## Excerpted records
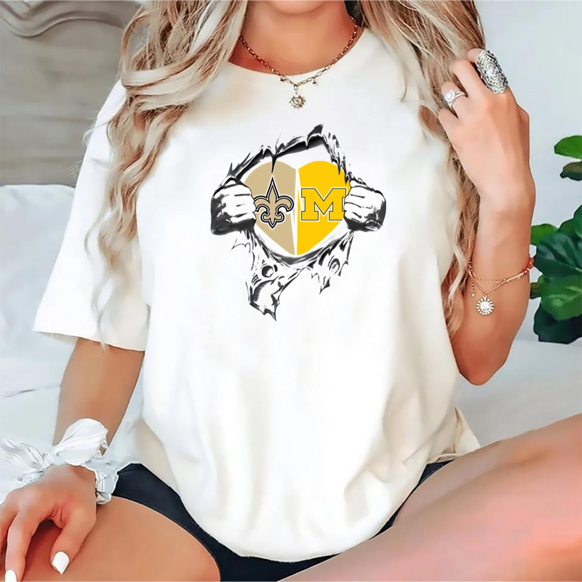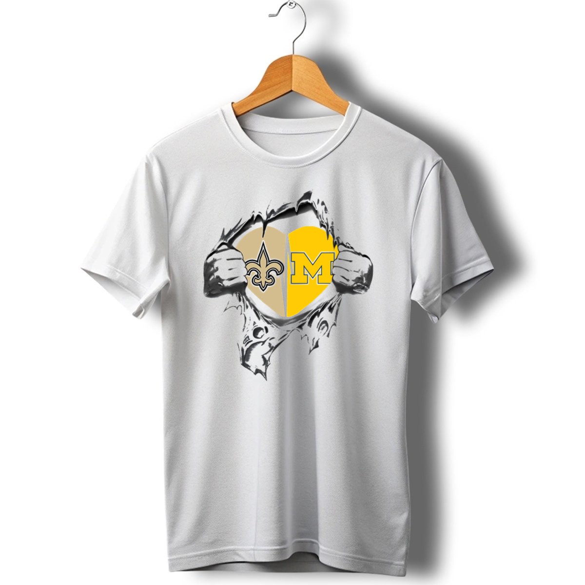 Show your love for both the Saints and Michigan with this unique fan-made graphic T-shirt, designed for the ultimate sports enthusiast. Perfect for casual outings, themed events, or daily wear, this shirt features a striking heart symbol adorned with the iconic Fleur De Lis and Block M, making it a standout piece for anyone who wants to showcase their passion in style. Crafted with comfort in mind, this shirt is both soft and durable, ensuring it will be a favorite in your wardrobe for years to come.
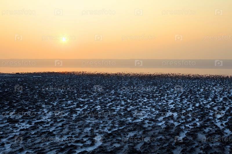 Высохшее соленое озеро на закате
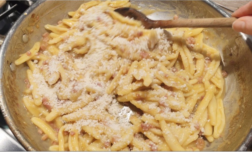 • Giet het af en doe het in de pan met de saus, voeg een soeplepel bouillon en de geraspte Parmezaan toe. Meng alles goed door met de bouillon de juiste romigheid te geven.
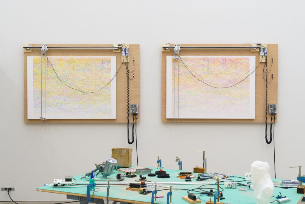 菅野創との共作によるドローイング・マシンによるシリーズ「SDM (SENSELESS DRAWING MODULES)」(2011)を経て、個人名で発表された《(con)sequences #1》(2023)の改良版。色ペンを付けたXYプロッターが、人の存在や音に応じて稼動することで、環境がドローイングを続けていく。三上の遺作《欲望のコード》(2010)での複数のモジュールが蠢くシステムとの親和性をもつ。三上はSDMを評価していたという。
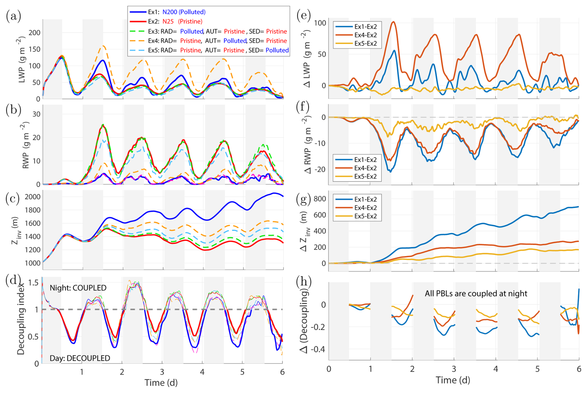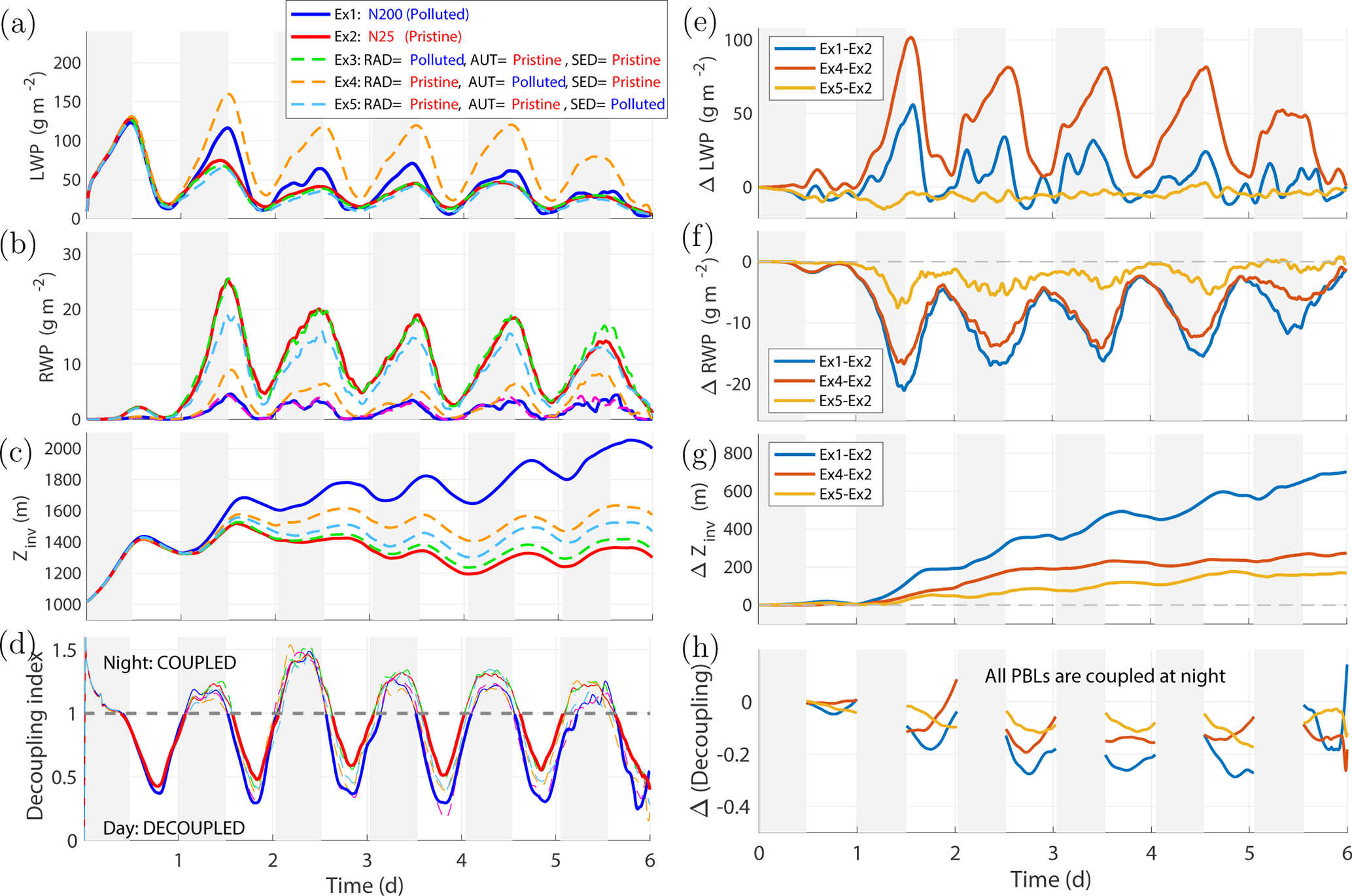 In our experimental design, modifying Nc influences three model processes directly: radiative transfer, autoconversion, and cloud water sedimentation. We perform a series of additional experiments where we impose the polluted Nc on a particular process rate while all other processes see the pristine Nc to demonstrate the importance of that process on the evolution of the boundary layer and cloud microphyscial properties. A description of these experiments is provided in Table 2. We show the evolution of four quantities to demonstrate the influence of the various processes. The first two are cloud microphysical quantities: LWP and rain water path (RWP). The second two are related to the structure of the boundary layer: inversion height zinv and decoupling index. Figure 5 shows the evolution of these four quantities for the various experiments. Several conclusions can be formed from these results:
...
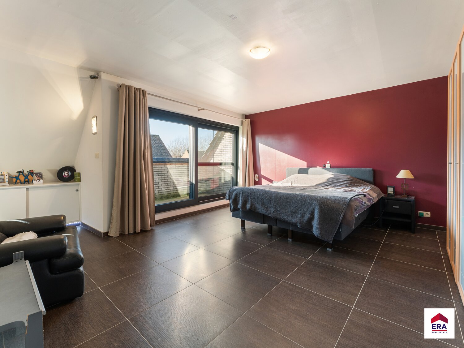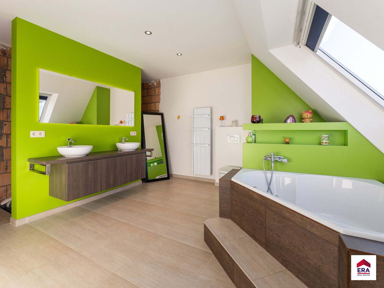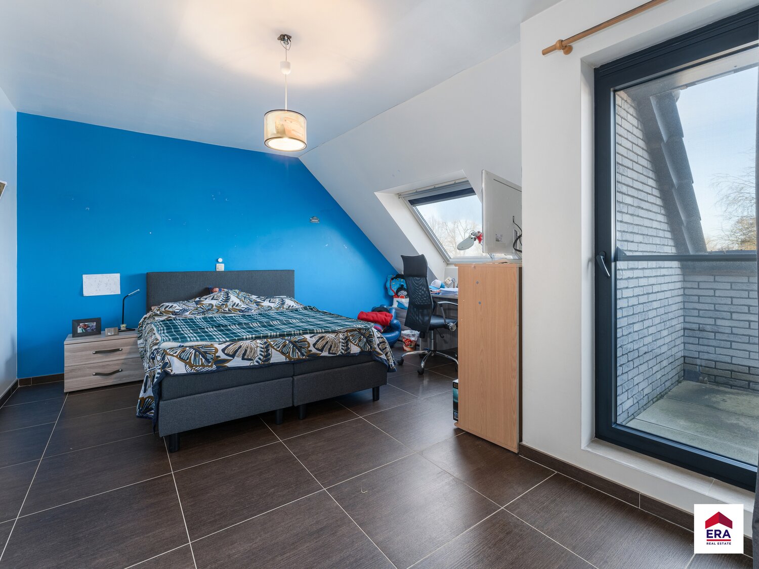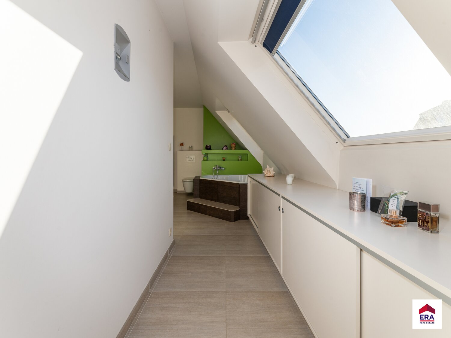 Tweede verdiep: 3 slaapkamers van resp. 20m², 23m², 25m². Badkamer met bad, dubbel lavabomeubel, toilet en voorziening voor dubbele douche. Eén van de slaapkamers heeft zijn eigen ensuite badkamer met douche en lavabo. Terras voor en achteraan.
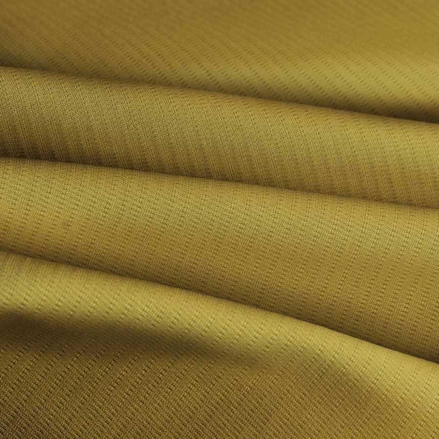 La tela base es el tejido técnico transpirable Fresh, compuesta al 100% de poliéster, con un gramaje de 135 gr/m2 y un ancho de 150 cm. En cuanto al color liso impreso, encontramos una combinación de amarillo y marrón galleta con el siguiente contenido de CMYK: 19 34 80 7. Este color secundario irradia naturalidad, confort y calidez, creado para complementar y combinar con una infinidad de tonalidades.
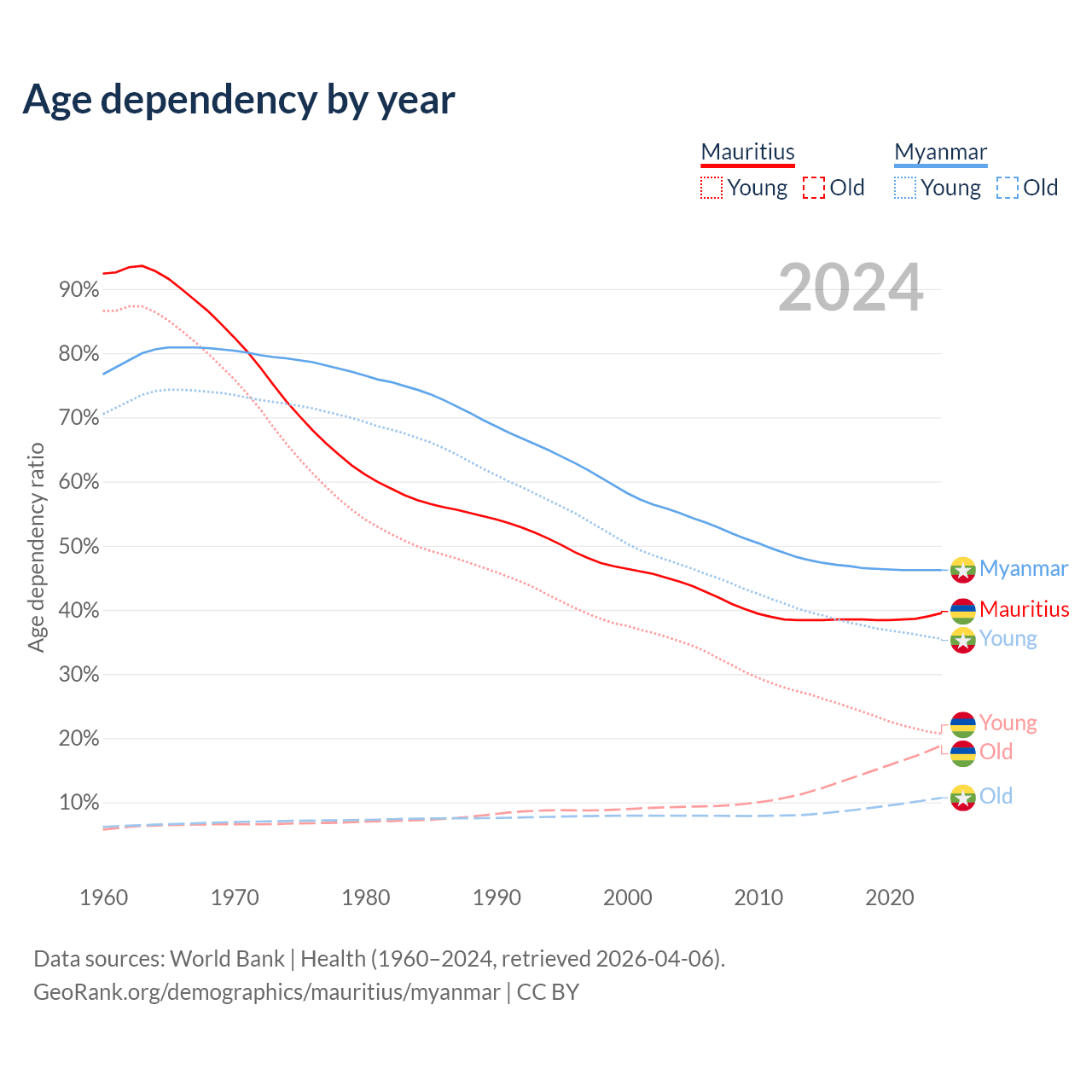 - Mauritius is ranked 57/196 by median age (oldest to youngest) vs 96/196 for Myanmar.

## Instructions for the task
Line for line, output the entries above from the line with "Show your love" to the line with "菅野創との共作によるドローイング・マシンによるシリーズ「SDM (SENSELESS DRAWING", both included, and nothing more. Skip pictures.

## Exercise response
 Show your love for both the Saints and Michigan with this unique fan-made graphic T-shirt, designed for the ultimate sports enthusiast. Perfect for casual outings, themed events, or daily wear, this shirt features a striking heart symbol adorned with the iconic Fleur De Lis and Block M, making it a standout piece for anyone who wants to showcase their passion in style. Crafted with comfort in mind, this shirt is both soft and durable, ensuring it will be a favorite in your wardrobe for years to come.
 Высохшее соленое озеро на закате
 • Giet het af en doe het in de pan met de saus, voeg een soeplepel bouillon en de geraspte Parmezaan toe. Meng alles goed door met de bouillon de juiste romigheid te geven.
 菅野創との共作によるドローイング・マシンによるシリーズ「SDM (SENSELESS DRAWING MODULES)」(2011)を経て、個人名で発表された《(con)sequences #1》(2023)の改良版。色ペンを付けたXYプロッターが、人の存在や音に応じて稼動することで、環境がドローイングを続けていく。三上の遺作《欲望のコード》(2010)での複数のモジュールが蠢くシステムとの親和性をもつ。三上はSDMを評価していたという。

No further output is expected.